Reproduce exactly only the lines from the line that holds "25.来到山洞外面,点击右边" to the line that holds "Für die 40 Jahre", inclusive, in the listing below, and please leave out every picture.

DATA LISTING:
╭──
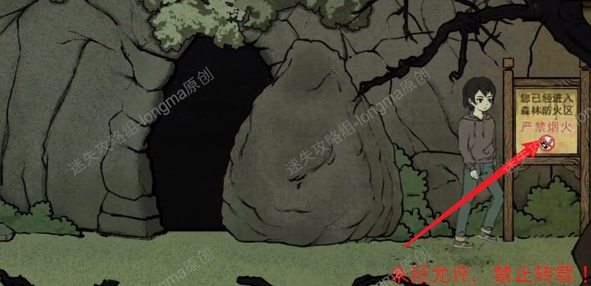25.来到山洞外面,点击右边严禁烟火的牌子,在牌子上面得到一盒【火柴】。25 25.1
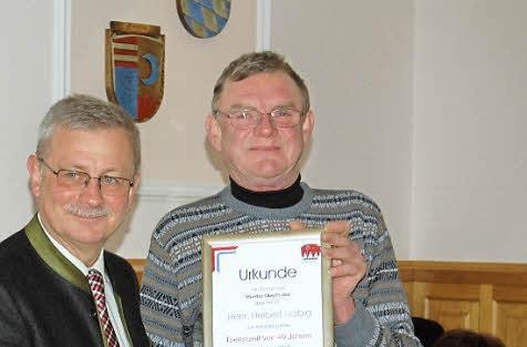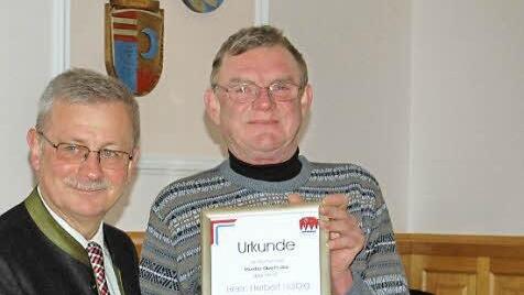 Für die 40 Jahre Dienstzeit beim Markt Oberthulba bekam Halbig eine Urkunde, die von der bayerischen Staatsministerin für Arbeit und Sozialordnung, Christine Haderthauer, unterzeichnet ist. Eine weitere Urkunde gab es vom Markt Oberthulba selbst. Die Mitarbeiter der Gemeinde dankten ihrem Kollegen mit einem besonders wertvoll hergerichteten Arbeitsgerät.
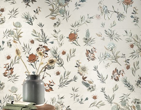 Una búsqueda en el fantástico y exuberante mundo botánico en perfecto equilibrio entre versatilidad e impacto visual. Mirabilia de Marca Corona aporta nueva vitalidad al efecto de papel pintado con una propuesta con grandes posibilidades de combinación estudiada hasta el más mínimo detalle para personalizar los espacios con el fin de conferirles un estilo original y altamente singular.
╰──
╭──
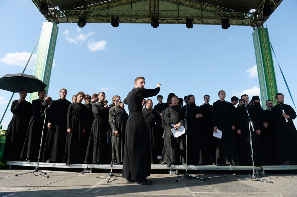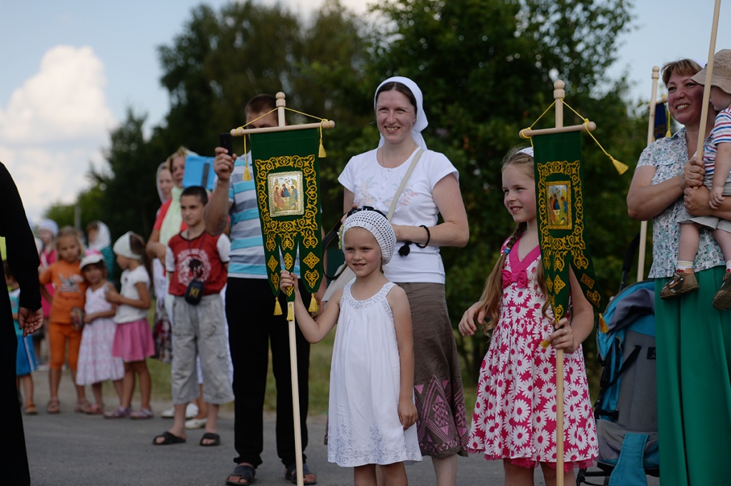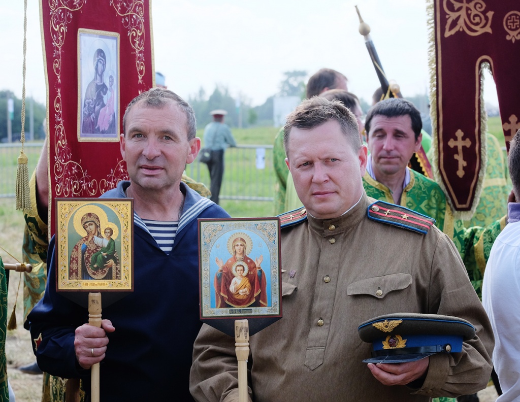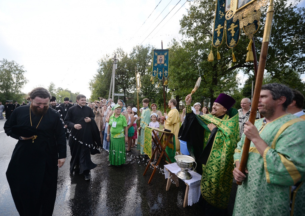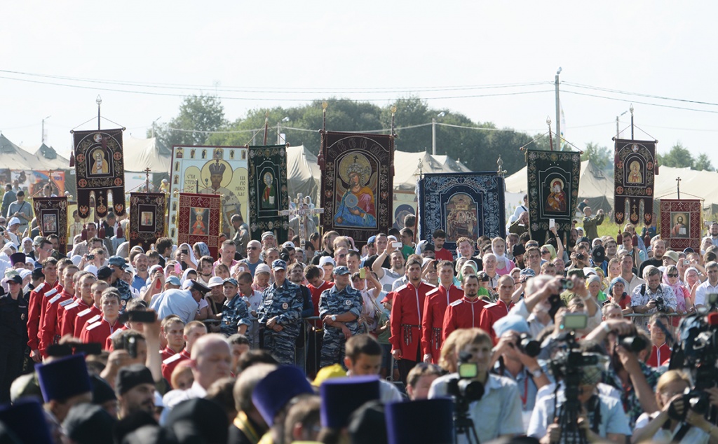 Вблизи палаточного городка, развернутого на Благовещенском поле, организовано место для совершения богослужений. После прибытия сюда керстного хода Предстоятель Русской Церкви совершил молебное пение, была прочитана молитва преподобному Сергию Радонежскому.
╰──
╭──
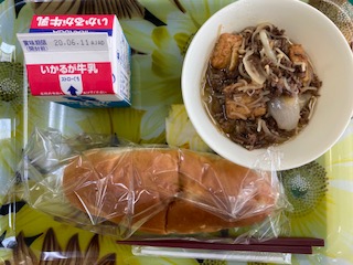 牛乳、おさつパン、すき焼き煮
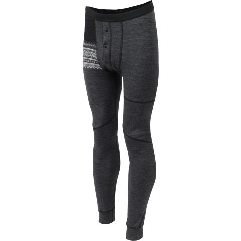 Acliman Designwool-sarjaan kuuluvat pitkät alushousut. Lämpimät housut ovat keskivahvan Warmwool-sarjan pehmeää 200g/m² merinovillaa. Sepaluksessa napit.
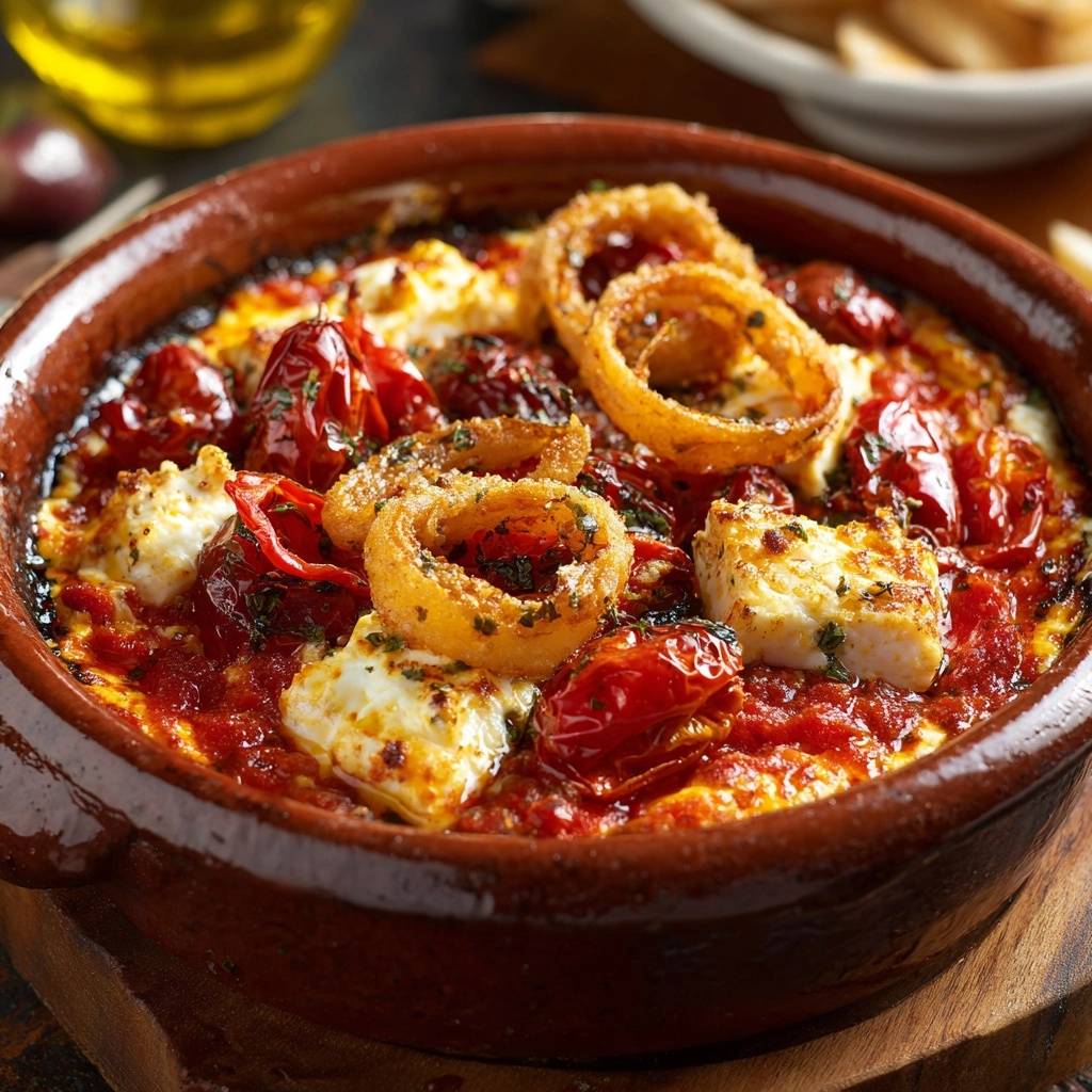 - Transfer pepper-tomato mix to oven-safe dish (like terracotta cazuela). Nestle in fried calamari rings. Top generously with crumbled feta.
╰──
OUTPUT:
25.来到山洞外面,点击右边严禁烟火的牌子,在牌子上面得到一盒【火柴】。25 25.1
 Für die 40 Jahre Dienstzeit beim Markt Oberthulba bekam Halbig eine Urkunde, die von der bayerischen Staatsministerin für Arbeit und Sozialordnung, Christine Haderthauer, unterzeichnet ist. Eine weitere Urkunde gab es vom Markt Oberthulba selbst. Die Mitarbeiter der Gemeinde dankten ihrem Kollegen mit einem besonders wertvoll hergerichteten Arbeitsgerät.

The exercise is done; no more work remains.